- WORK INSTRUCTION
Retype only the lines that run from the top of the material below to the line bearing "Intex Dura-Beam-teknikanvänder tusentals", inclusive, and keep the pictures out.
(THE DATA begins)
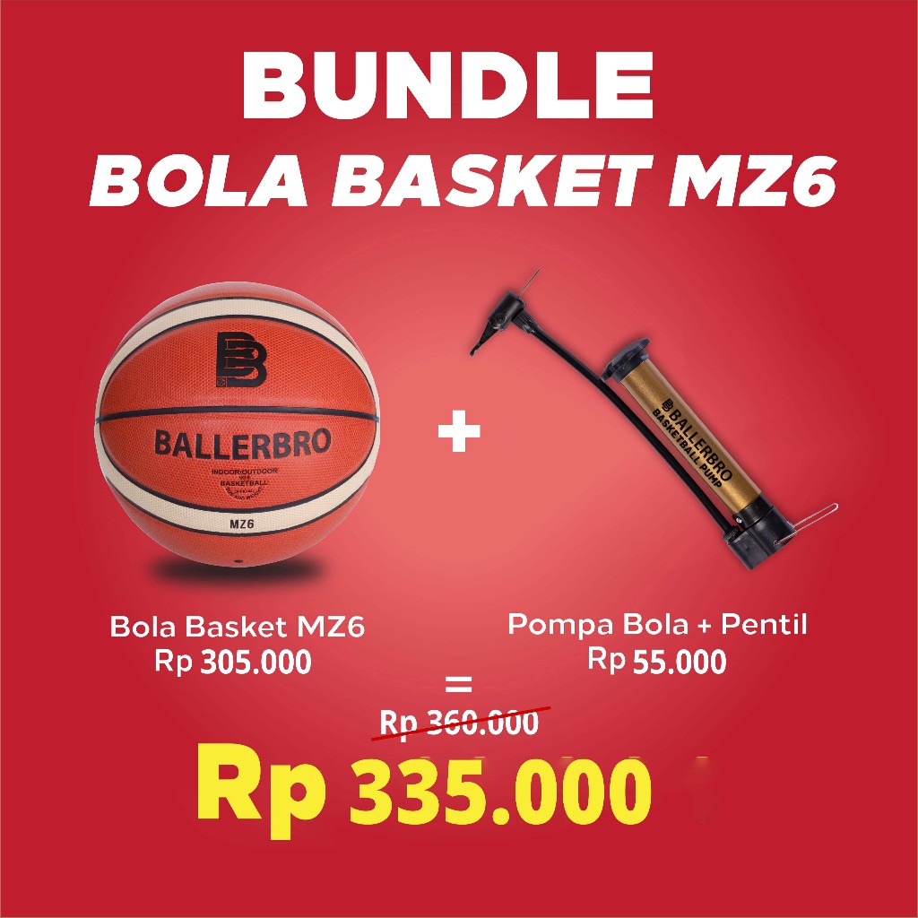BUNDLE Bola Basket MZ6 (Leather) + Pompa Bola & Pentil BALLERBRO
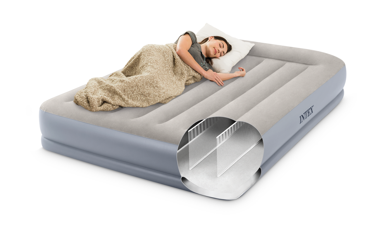 Intex Dura-Beam-teknikanvänder tusentals starka polyesterfibrer istället för traditionella PVC-balkar.Dura-Beam Standardsäkerställer att madrassen har enhögre fasthet och stabilitetän traditionella luftmadrasser. Detta minimerar "gungeffekten" och ökarvaraktighet, vilket ger en mycket bättresömnupplevelse.
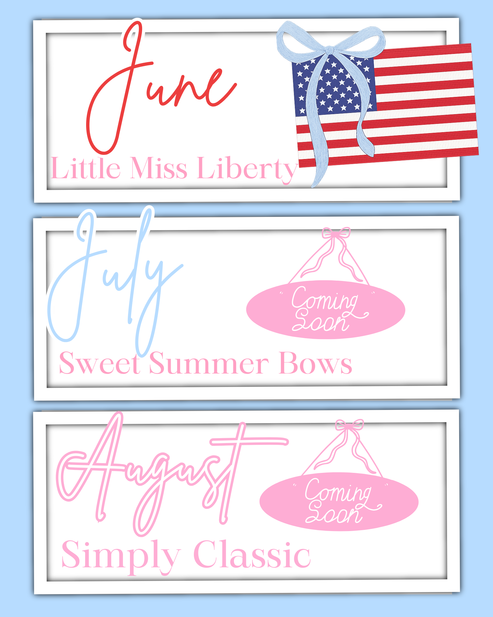 Orders placed after the 1st of the month will begin with next month’s box. These boxes will ship by the 10th of that month. Our bows are limited and made in advance to keep them extra special — thank you for understanding!
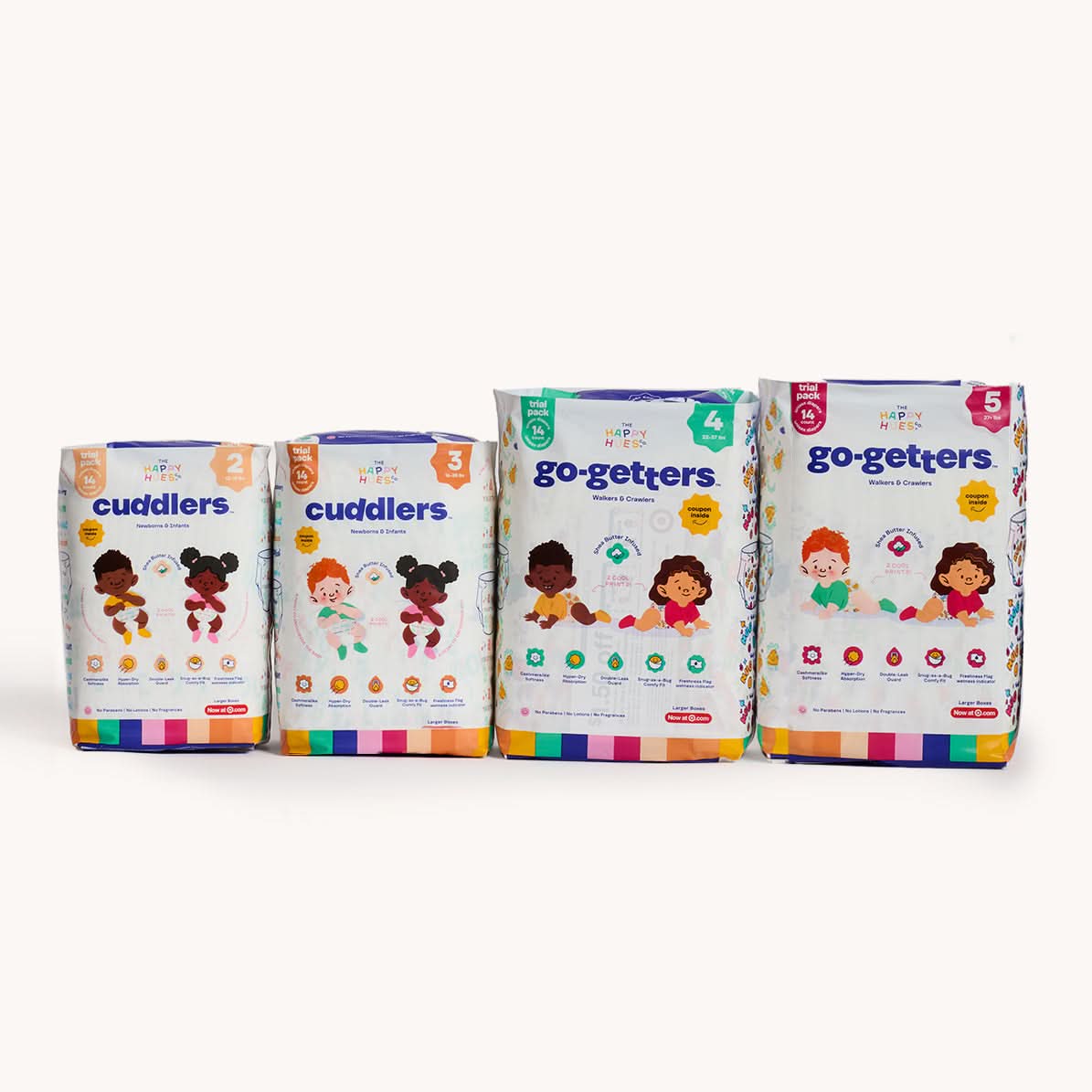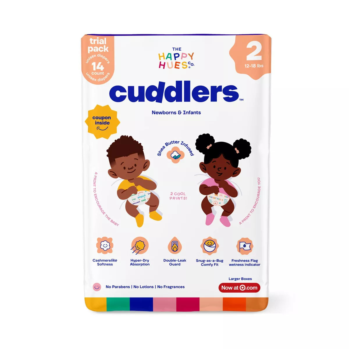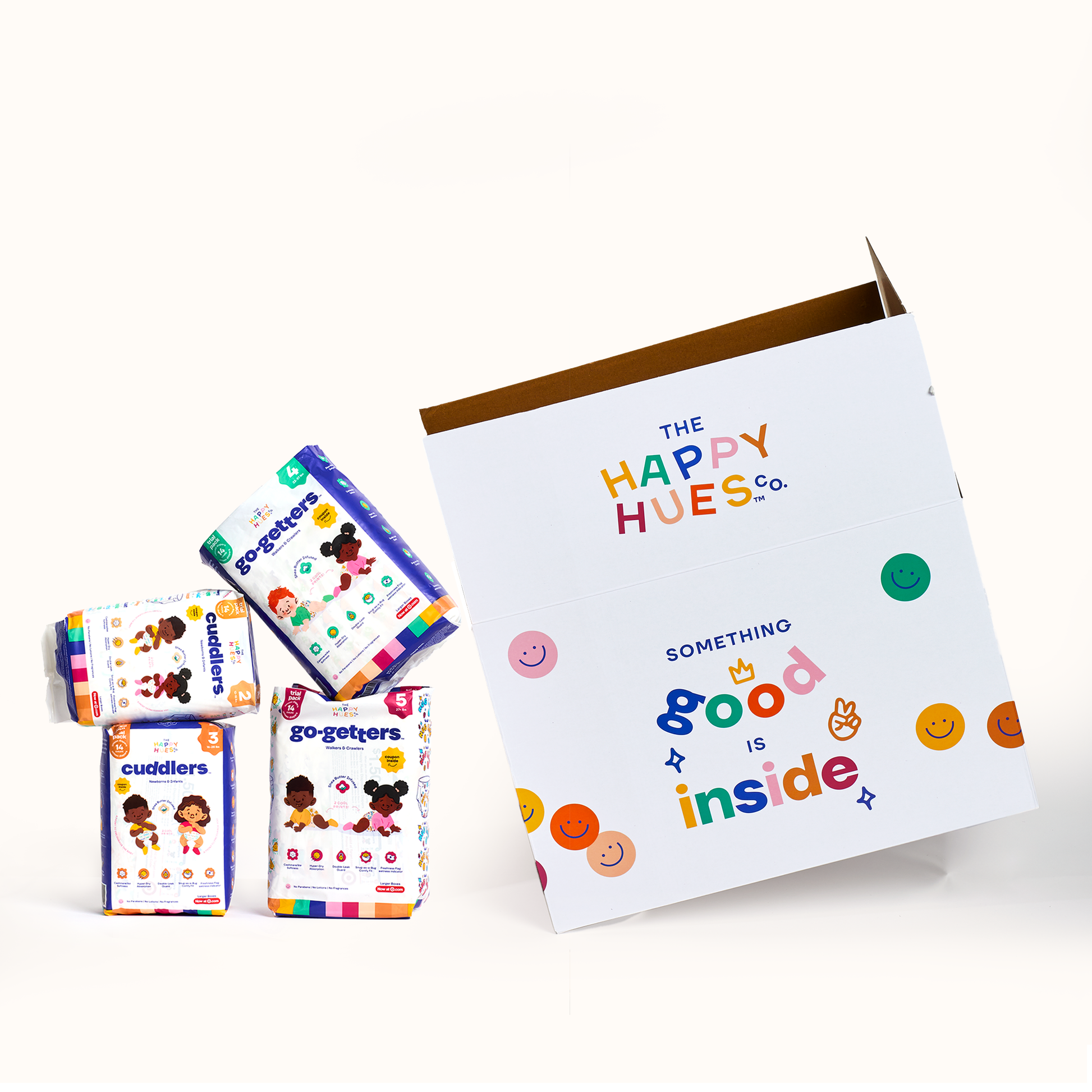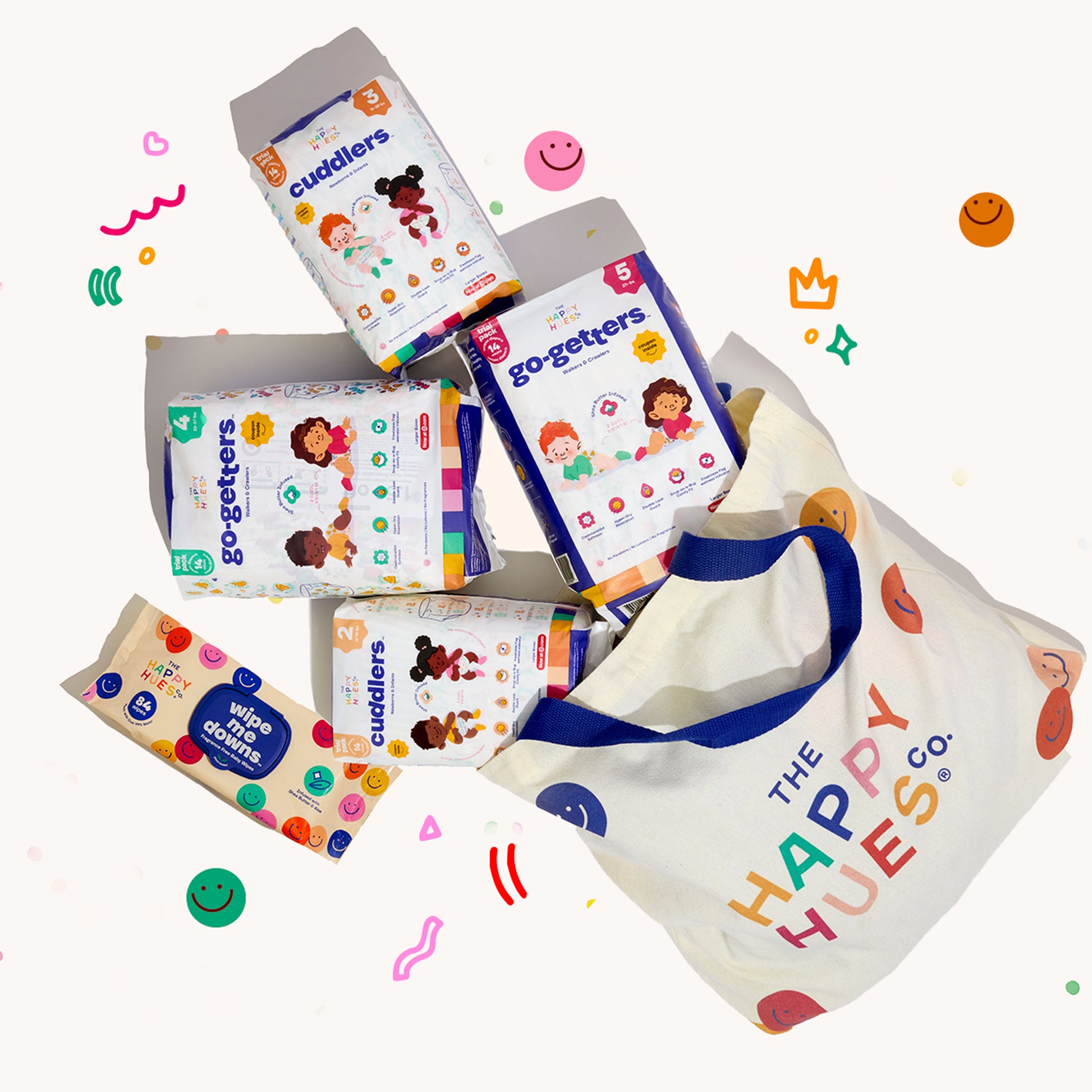 At Happy Hues, we believe that every diaper should be as comforting and joyful as the little one wearing it. That’s why we’ve carefully selected every ingredient and designed each feature to not only protect but also care for your baby’s delicate skin. Our hypoallergenic Cuddlers diapers are crafted with gentle and effective materials, free from parabens, PFAS, phthalates, BPA, fragrances, and lotions, so you can feel confident that your baby is getting high-quality care —nothing more and nothing less.
(THE DATA ends)
- TASK RESPONSE
BUNDLE Bola Basket MZ6 (Leather) + Pompa Bola & Pentil BALLERBRO
 Intex Dura-Beam-teknikanvänder tusentals starka polyesterfibrer istället för traditionella PVC-balkar.Dura-Beam Standardsäkerställer att madrassen har enhögre fasthet och stabilitetän traditionella luftmadrasser. Detta minimerar "gungeffekten" och ökarvaraktighet, vilket ger en mycket bättresömnupplevelse.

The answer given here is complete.